I told my daughter how devastated I was as a young kindergarten teacher on the South Side when a black mother demanded to know why her twin girls insisted that their hair would be like mine when they grew up, that is, very long, very blonde, and very straight. I, of course, protested immediately that I hadn’t done a thing. She didn’t look at all convinced. Next, I tried to play it down. All kindergarten girls want to look like their teachers, I said. At this, she looked angry. I then stammered my way through a promise that I would try to be extra-sensitive to the problem and see what I could do. She had barely gotten out the door when I began assuring myself that no one worked harder than I to be a colorblind teacher. My insides actually hurt with the unfairness of it all.

Twenty years later, the Nappy Hair controversy erupted, wherein a white teacher was excoriated by black and Hispanic parents for reading her class an award-winning children’s book. By then, I had learned enough to know that the twins’ mother had not only been right to be worried, but also had a right to ask. She was trying to tell me that hair is a racialized issue in America. I had tried to tell her it wasn’t. Finally, I had to accept that the twins’ mother, who, by the way, was one of the first I knew to wear her hair in its natural style, knew more about being black than I did.

I also shared with my daughter my experience with another black mother in that same school. She had four children under the age of 6, one of whom was in my class. Until family night, I thought we were on good terms. Thinking she would appreciate the gesture, I reserved a large table for her, the kids, and me, and helped with the dinners as I chatted about large families. After the evening’s events, she sought me out in the lobby. Loudly and furiously, she first called me a “white bitch” in front of half the school. Then, screaming, she demanded to know what right I had to think she needed my help or to insult her for having so many children.

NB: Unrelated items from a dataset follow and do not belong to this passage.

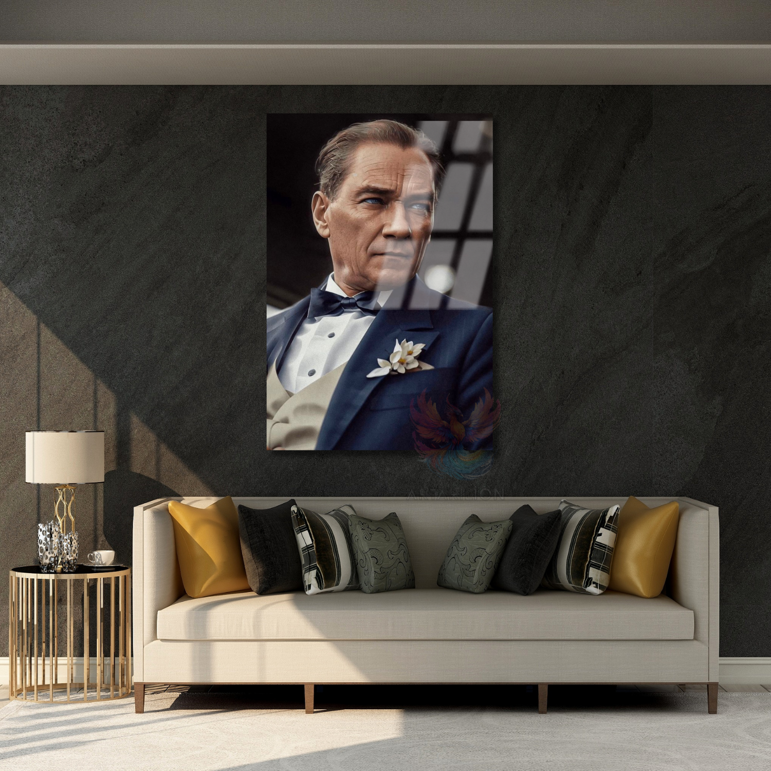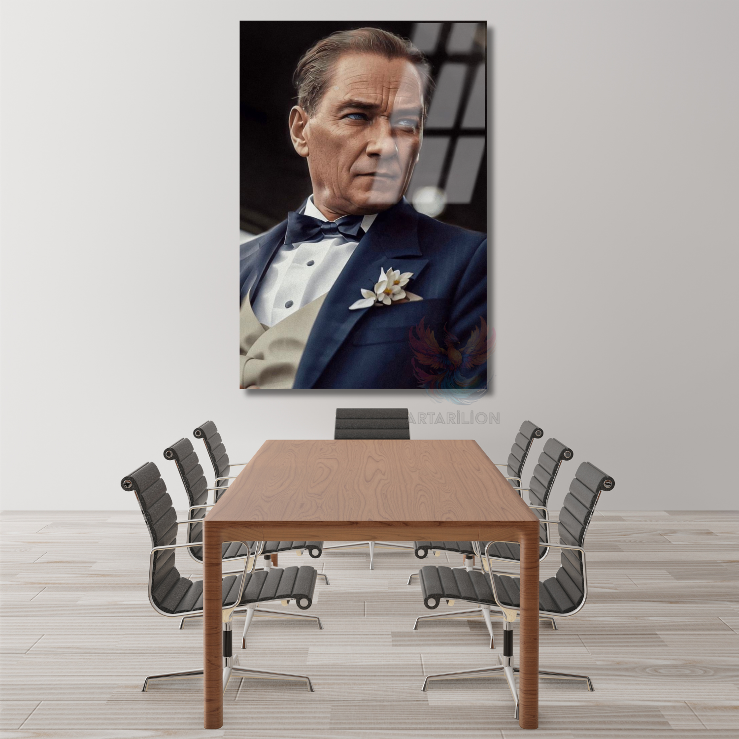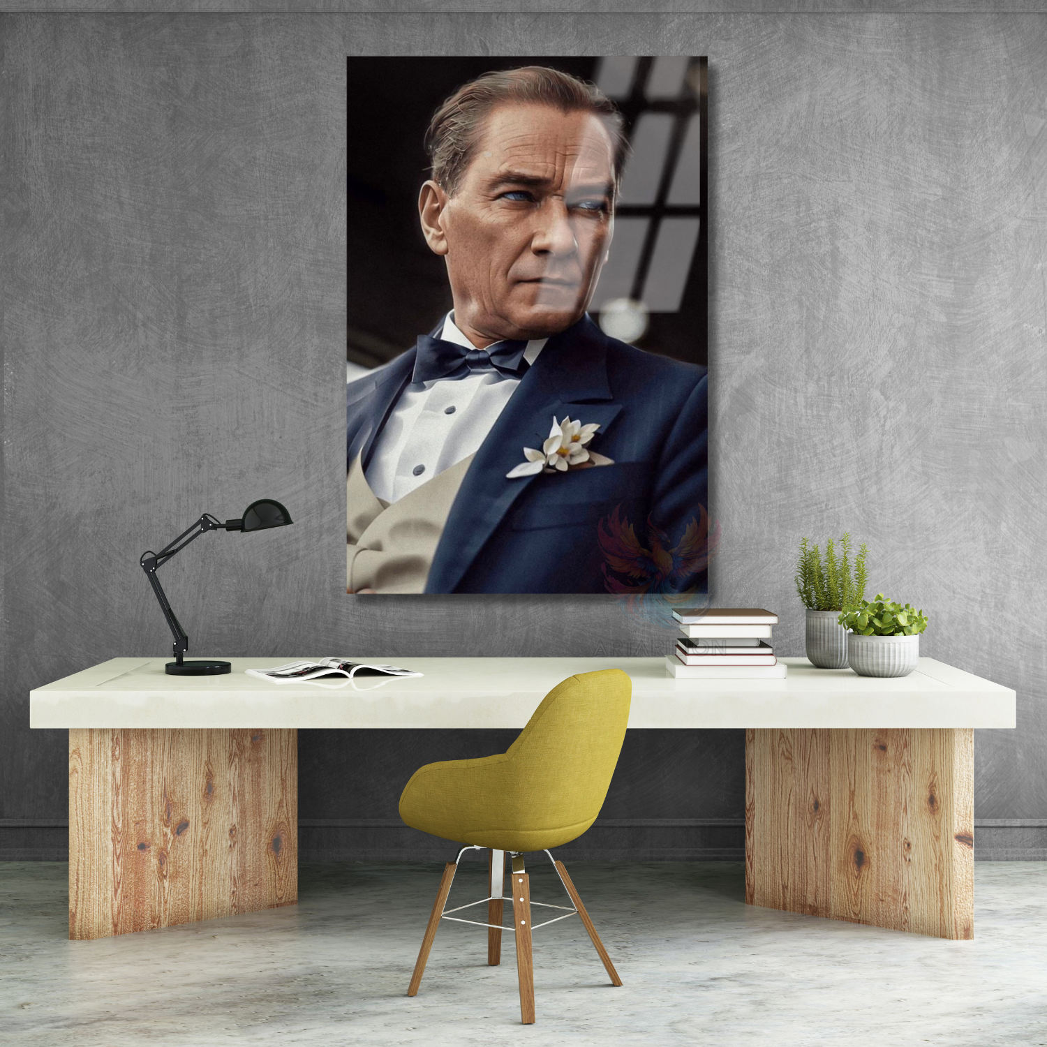 Karizmatik Renkli Atatürk Görseli Cam Tablo Dikey Duvar Tablosu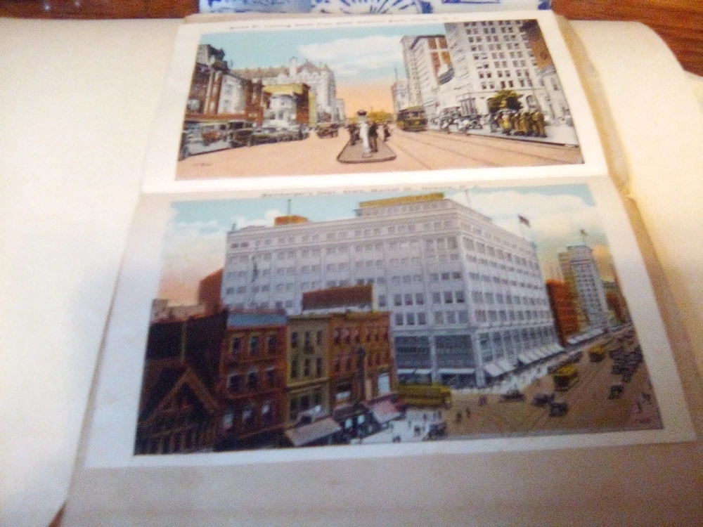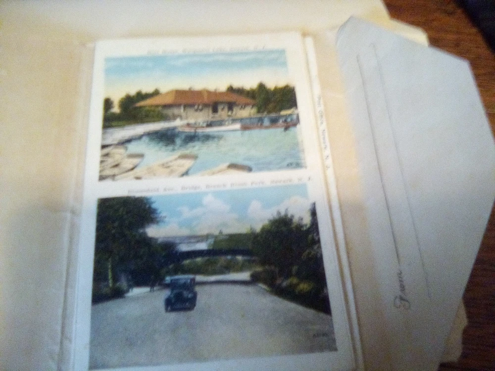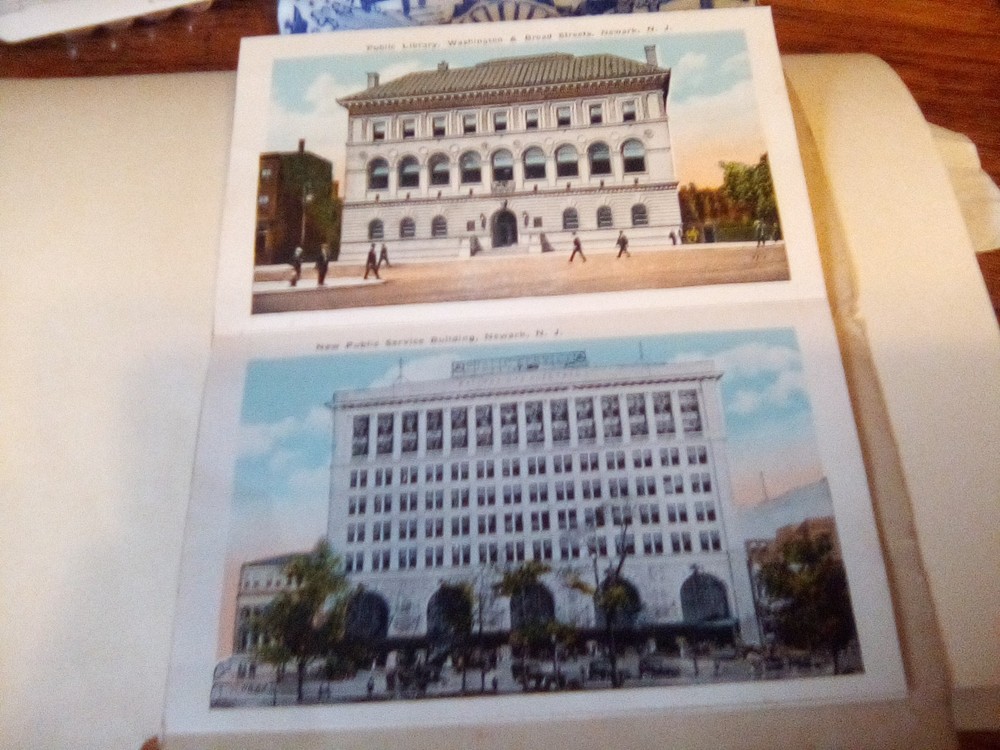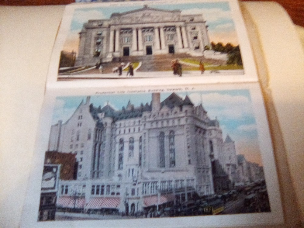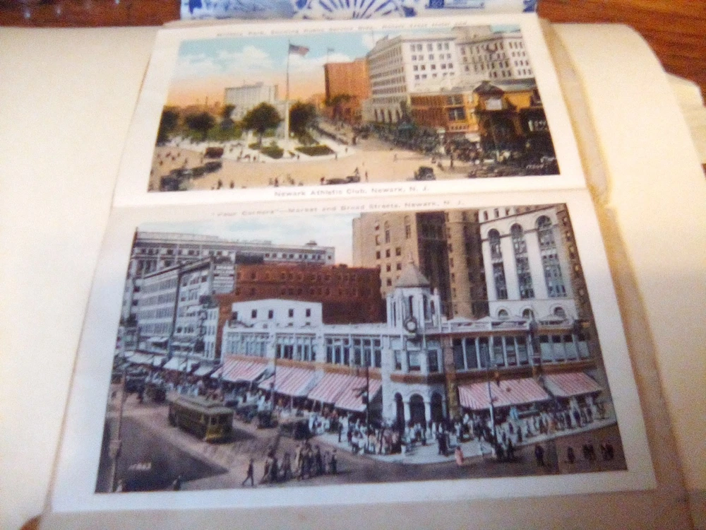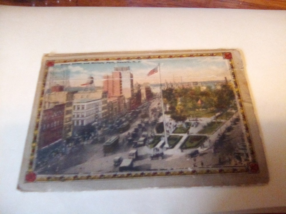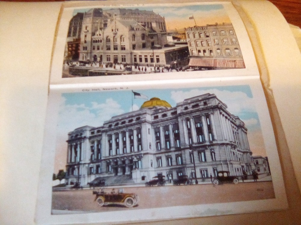 The product is a souvenir folder featuring a postcard of Newark, New Jersey, posted in 1926. This original lithograph print measures 6 x 4 inches and showcases a roadside attraction in the city. The postcard captures aspects of tourism, travel, landscapes, architecture, famous places, transportation, and historical figures from the early 20th century. Made of paper and originating from the United States, this collectible item is a unique piece of history from a specific time period and location.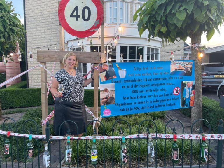 Manon Semmekrot vandaag 40 jaar! Dat heeft haar de symbolische mega stoel in de voortuin opgeleverd!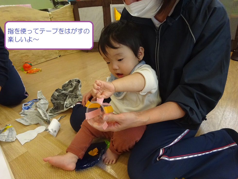 張り付けてあるビニールテープをはがして遊びます。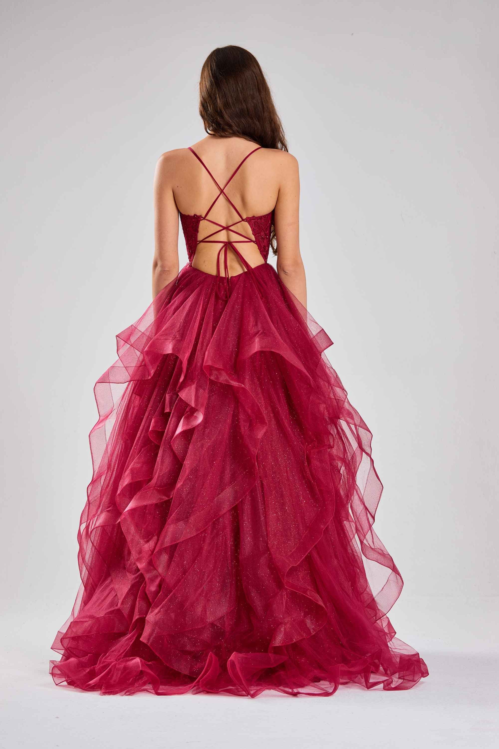 Designed to flatter, the fitted bodice accentuates the waist before flowing into a dramatic layered ball gown silhouette, ensuring a captivating shape that enhances your natural figure. The rich wine shade adds a touch of luxury and sophistication, making this gown a bold and unforgettable choice.

With this, my daughter finally had something to laugh at, seeing the ridiculousness of the allegation in light of her 11 aunts and uncles, my siblings. She guessed, though, that it probably wasn’t funny to me at the time. It wasn’t. I was mortified and humiliated in front of my colleagues, the children, and the other parents. I was also deeply frustrated by the assumption of racism. Who better than I could anticipate any mother’s need for help with four small children?

Of course, my sense of injustice made me conveniently forget what I knew most people think about families with too many children in a row. How often after I left my Irish working-class neighborhood for college and graduate school had I been stunned by what perfect strangers would say upon learning of my six brothers and five sisters, let alone the three-bedroom Bronx apartment I invariably had to admit to? You wouldn’t think that, on hearing such information, so many random people would automatically think to ask if my father could read. But, trust me, there are too many. And before I learned to find them silly, I hated them.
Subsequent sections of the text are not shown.